Помнится, это был год столетия Великого Октября, и тот диалог вызвал в памяти строки А. Тарковского: «Пока мы время тратим, споря/ На двух враждебных языках,/ По стеклам катятся впотьмах/ Колеса радуг в коридоре». Голос поэта прозвучал из 1960-го укором Той Стране. Из-за раскола нации Кремль отказался отмечать историческую дату. Восьмидесятники бравировали, что прежний Режим им тогда казался смешным. В 1990-х уже было не до смеха. В обществе царила тотальная ненависть друг к другу. Теперь они одобряли Автократа, потому что он, как им казалось, победил хаос, неуправляемость, как-то подсобрал страну. В итоге жесткая система потеряла гибкость, эластичность, закрыла возможность прихода новых людей. Восьмидесятники оказались в ситуации нас, семидесятников: они ждут новое поколение, которое придет к власти и все изменит. Не с помощью революции, а с помощью легальных инструментов участия в общественной жизни. Дурная повторяемость, не более.

Если историки обращаются к опыту шестидесятников с кардинальным вопросом, в чем они ошибались, чего не понимали, то в «Романе Графомана» этот вопрос имеет другой смысл – кто об этом пишет, кто стоит за этим повествованием. И Марк, и я. Мы оба предоставляем выбор – либо прославлять, либо осуждать, либо пробовать понять – а могло ли быть иначе после десятилетий сталинского террора. В архивном хламе Марка отыскалась курсовая работа третьекурсника факультета журналистики МГУ. Что там обнаружилось? Ничего, кроме страха, желания выжить, жажды выделиться.
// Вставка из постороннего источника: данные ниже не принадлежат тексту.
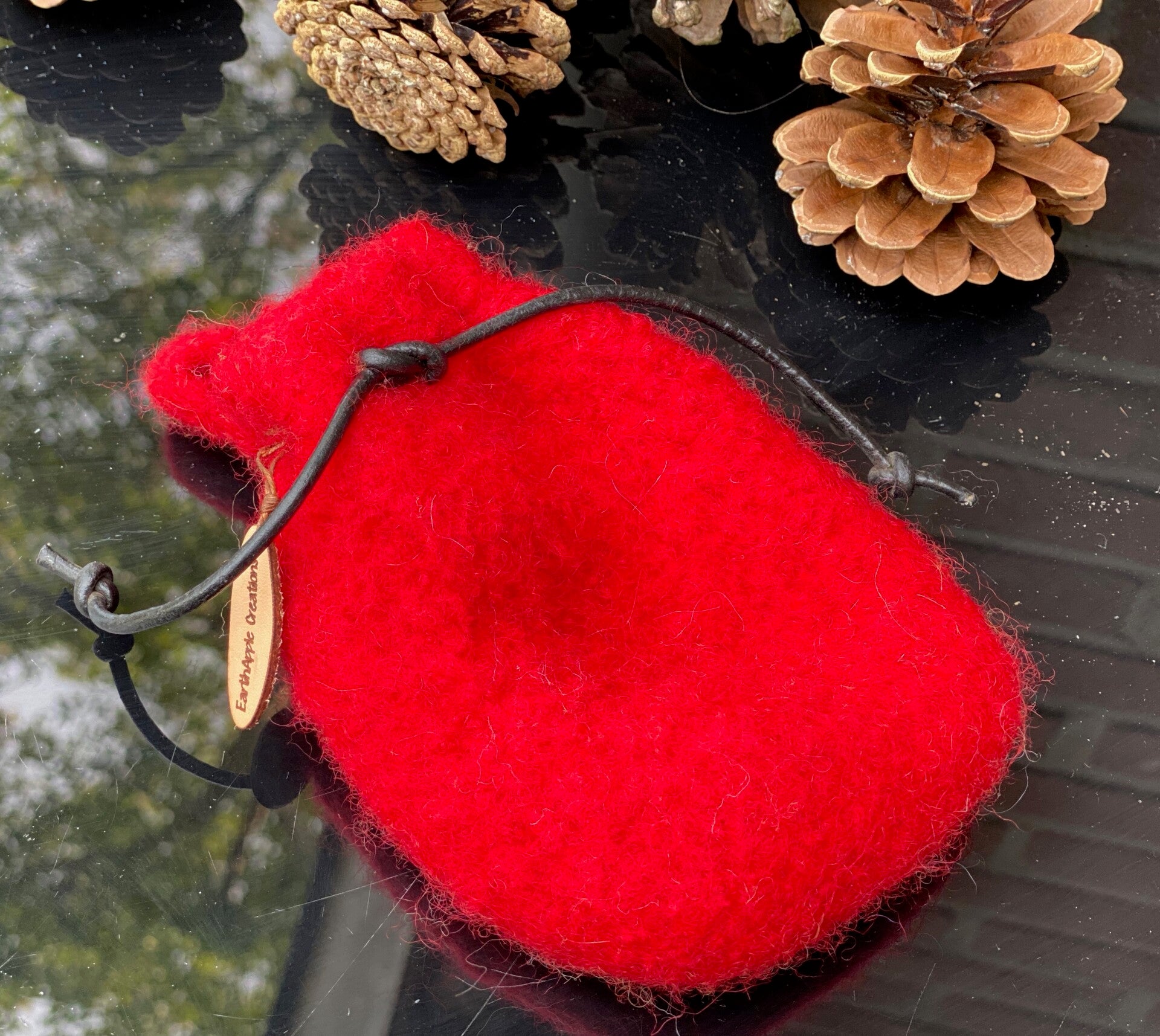 - Materials: Crocheted from 100% wool from Iceland, then felted. Cord = leather.

Ни одной стоящей мысли. Из того же хлама выпало приглашение в клуб «Дружба». Первомайский райком комсомола проводил вечер, посвященный восьмидесятилетию Пабло Пикассо. Ведущими заявлены Искусствовед и автор «Хулио», считавшийся другом Пикассо. Марк, тогдашний студент первого курса, в крайнем смущении попросил у автора «Хулио» автограф. А спустя полвека читал беспомощные тексты Искусствоведа. О чуть было не рассыпанном наборе книги, посвященной Пикассо, о преодолении запрета на простое упоминание имени Пикассо, об уловках убедить Режим, что запрет осложнит отношения с французской компартией, нанесет непоправимый вред Стране Советов за рубежом. Кстати, книга об абстракционисте-коммунисте в конце концов появилась на прилавках книжных магазинов.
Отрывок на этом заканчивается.